Registered: 08/27/99
Posts: 152
Loc: Berkeley, CA
PSR users:

This is old ancient history. I had a box with a few hundred floppies 6 or 7 years ago when I first started collecting styles. I was quite interested in the subject, needless to say. I now own a 9000 with a SCSI CD, and a SCSI ZIP250 attached (plus an internal Hard Drive in the PSR). That solved the problem. It really is the only solution, other than having a notebook PC next to your PSR and manually transferring, via the floppy drive, styles.

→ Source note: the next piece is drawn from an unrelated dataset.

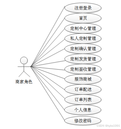 图2-5基于微信小程序的民族服饰购买和定制系统商家用户角色用例图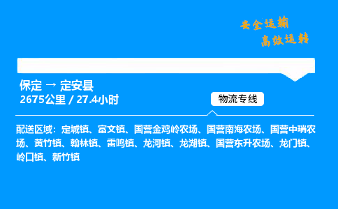 保定到定安县物流公司全程约2675公里公里,专线运输用时大约27.4小时小时,可运输直达定城镇、富文镇、国营金鸡岭农场、国营南海农场、国营中瑞农场、黄竹镇、翰林镇、雷鸣镇、龙河镇、龙湖镇、国营东升农场、龙门镇、岭口镇、新竹镇,凯冉物流可承接:整车运输、零担运输、大件运输、轿车托运、危险品运输、机械设备运输、汽车配件运输、食品饮料运输、办公家具运输、电子电器运输、行李搬家物流运输、电动车摩托车托运等货物的物流业务; 13303201605 点击拨打电话

No, you can't send styles over the MIDI port. No, you can't outfit a larger floppy into the PSR (the driver for the floppy will not, in fact, address YOUR PSR. You will make this discovery when you bust your PSR floppy drive and try to put in any old $20 drive from a PC. They don't work. I asked a Yamaha Tech: I'm told it's not a propriatery drive, it's just that each PSR OS has a floppy driver only for a particular model of floppy drive (not a "Yamaha" drive"). If you can't find the same model FD that you already own you're out of luck unless you buy one from Yamaha (who apparently stock them).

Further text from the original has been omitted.